* _Available data_:
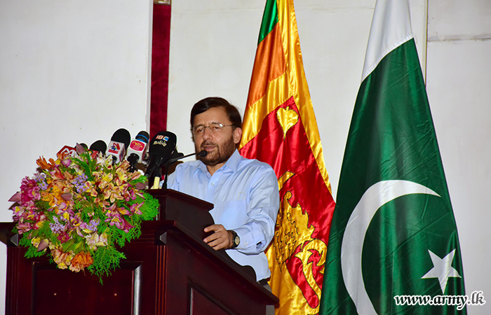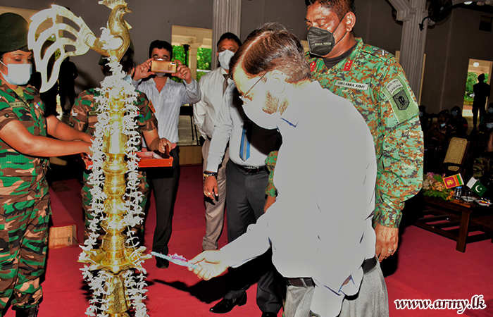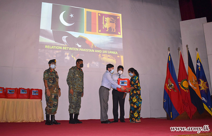 High Commissioner of the High Commission of Pakistan, His Excellency, Major General (Retd) Muhammad Saad Khattak who recently paid a courtesy call on the Commander, Security Forces-Kilinochchi, Major General Harendra Ranasinghe sponsored the distribution of 150 dry ration packs among needy families in Kilinochchi area on Tuesday (29).
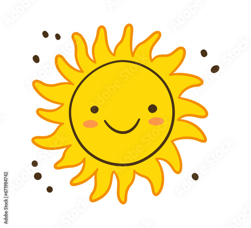Doodle sun icon. Hand drawn smile yellow sun with rays symbol. Doodle children drawing. Hand drawn star character. Hot weather sign. Vector illustration isolated on white background.
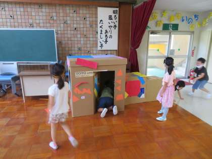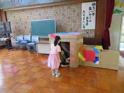 1年生が、先週作った「ひみつきち」で遊んでいました。トイレ工事で必要なくなった大きな段ボールをもらって作りました。
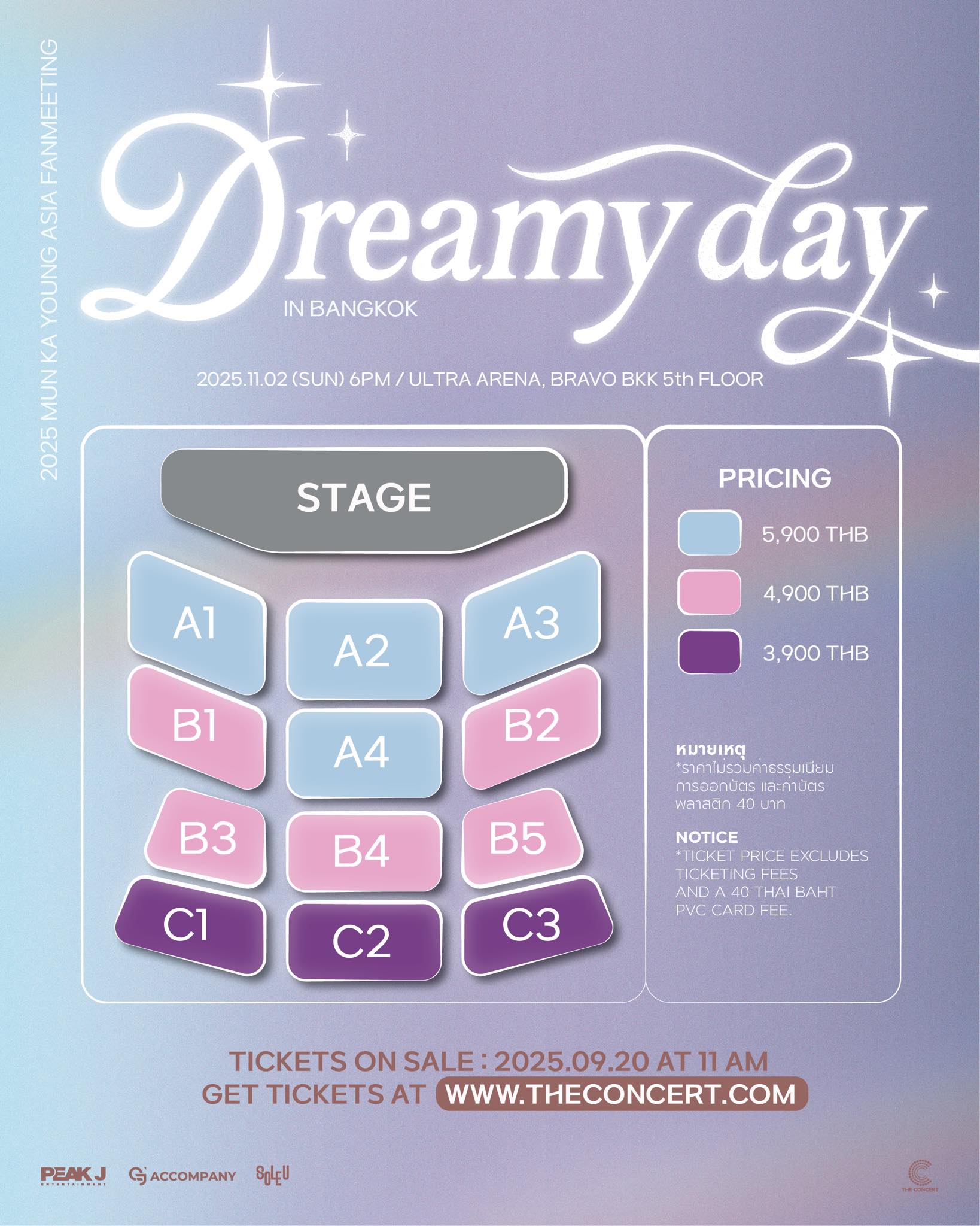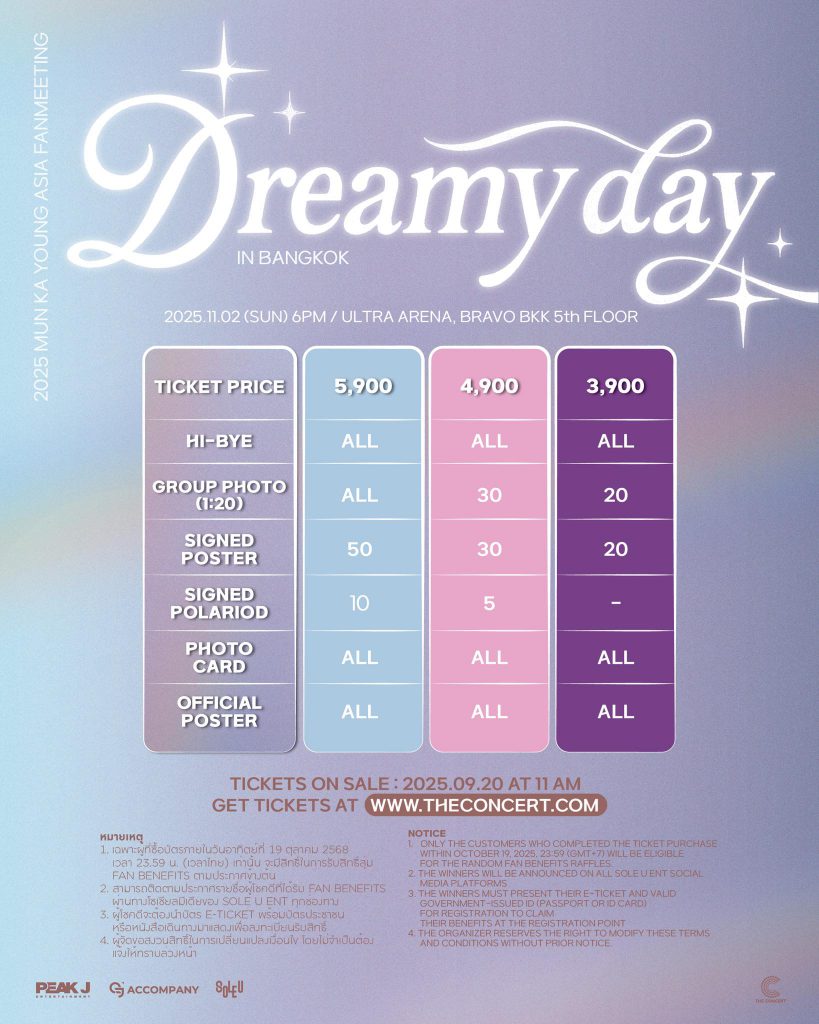 แฟน ๆ ชาวไทยเตรียมล็อควันปักหมุดกดบัตรพร้อมกัน ในวันเสาร์ที่ 20 กันยายน 2568 เวลา 11.00 น. เป็นต้นไป ซื้อบัตรได้ที่ https://www.theconcert.com/concerts/2025-mun-ka-young-asia-fanmeeting-in-bangkok

* _Brief_: Restate the material above word for word; pictures do not belong in the copy.

* _Reply_:
 High Commissioner of the High Commission of Pakistan, His Excellency, Major General (Retd) Muhammad Saad Khattak who recently paid a courtesy call on the Commander, Security Forces-Kilinochchi, Major General Harendra Ranasinghe sponsored the distribution of 150 dry ration packs among needy families in Kilinochchi area on Tuesday (29).
Doodle sun icon. Hand drawn smile yellow sun with rays symbol. Doodle children drawing. Hand drawn star character. Hot weather sign. Vector illustration isolated on white background.
 1年生が、先週作った「ひみつきち」で遊んでいました。トイレ工事で必要なくなった大きな段ボールをもらって作りました。
 แฟน ๆ ชาวไทยเตรียมล็อควันปักหมุดกดบัตรพร้อมกัน ในวันเสาร์ที่ 20 กันยายน 2568 เวลา 11.00 น. เป็นต้นไป ซื้อบัตรได้ที่ https://www.theconcert.com/concerts/2025-mun-ka-young-asia-fanmeeting-in-bangkok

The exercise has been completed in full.